From: Kevin Wampler (wampler@cs.washington.edu)
Date: Wed Nov 24 2004 - 01:37:43 PST

  • Next message: Pravin Bhat: "review-16"

    Since wireless communications make eavesdropping trivial, the 802.11
    protocol incorporated encryption techniques in order to provide secure
    communication. The paper "Intercepting Mobile Communications: The
    Insecurity of 802.11" examines how a malicious user could circumvent this
    security be exploiting subtle flaws in the implementation of the
    encryption.

    The authors focus on ways of breaking each of the three security goals of
    WEP: confidentiality, access control, and data integrity. Many of these
    attacks pivot on the small (20 bit) public IV used, or on the poor
    cryptographic properties of CRC checksums. As is common in cypher
    attacks, there are many attacks possible which do not rely on being able
    to determine the plaintext from a cyphertext, but still allow inserting
    false messages, etc. Known plaintext attacks are also highlighted (and I
    suspect are very viable in web communication, as there are probably common
    packets that occur with relatively high frequency).

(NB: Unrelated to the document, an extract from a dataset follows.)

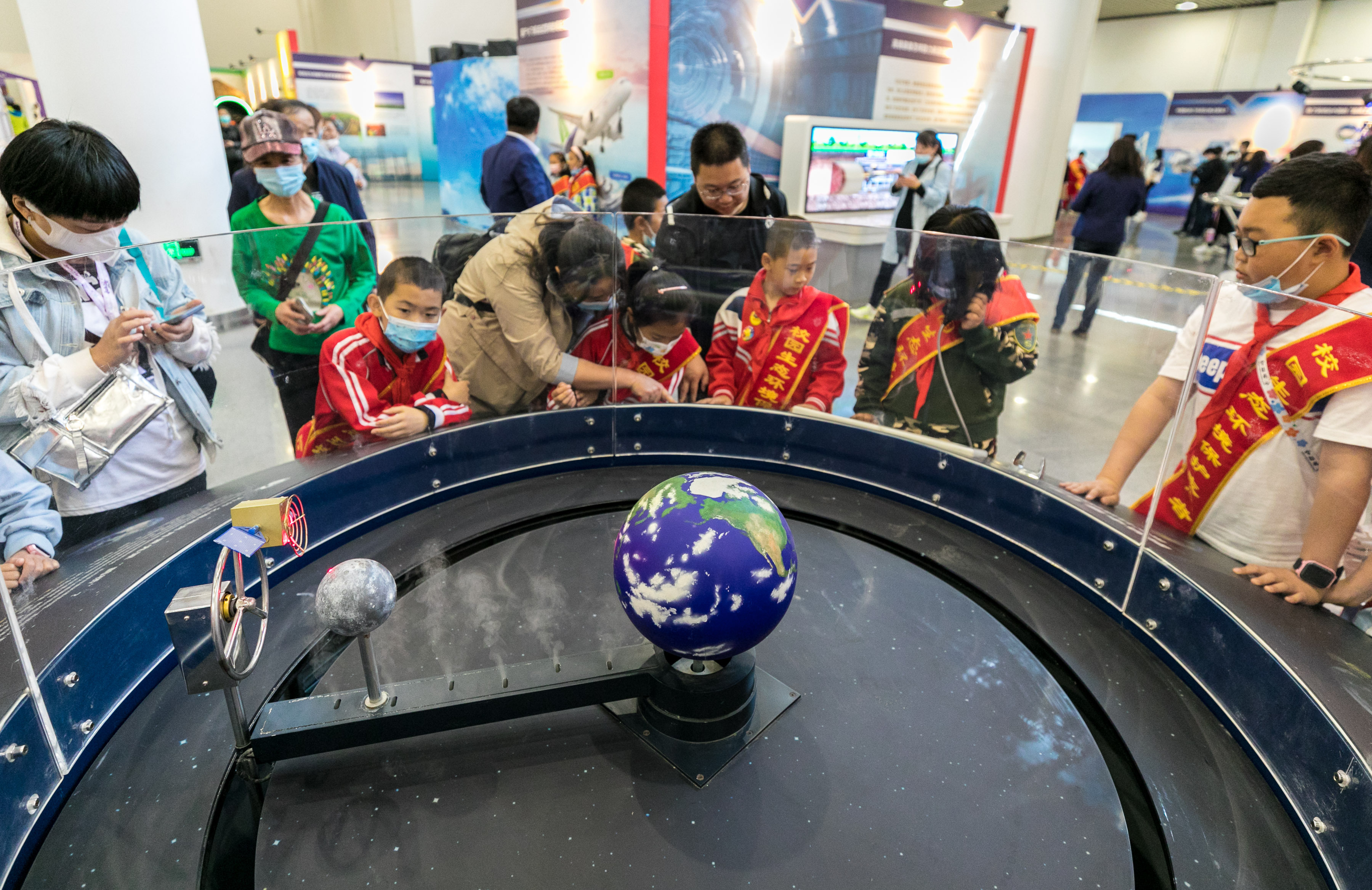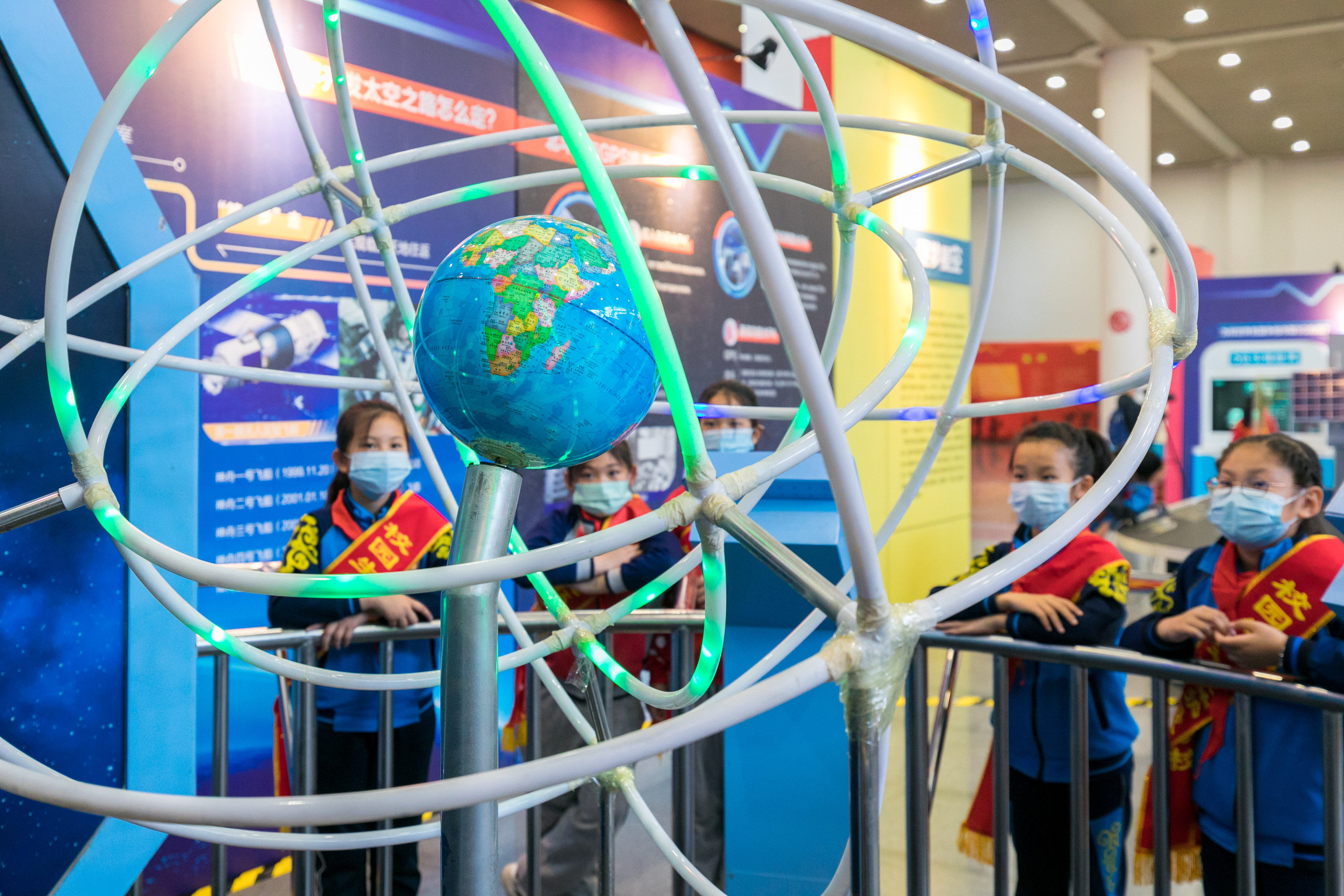 观众在内蒙古科技馆展厅内参观北斗全球卫星导航系统模型。(摄影:丁根厚)
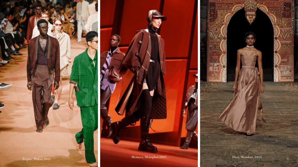 Recent front rows in Mumbai (Dior), Hangzhou and Hong Kong (Chanel), Shanghai (Hermès), and Dubai (Zegna) illustrate this dual strategy—convening billionaires and cultural elites while inspiring the next generation of clients.

    Although this paper does highlight that WEP does not provide a high degree
    of security, I do not that that the situation is too bad. In particular,
    breaking into a WEP wireless network seems to be at least as difficult as
    breaking into a wired network using TCP. I see little problem with the
    use of protocol layer encryption merely providing weak security, as most
    of the time this is all that is desired. For situations where strong
    security guarantees are needed, an end-to-end solution to the problem
    should probably be used anyway.


  • Next message: Pravin Bhat: "review-16"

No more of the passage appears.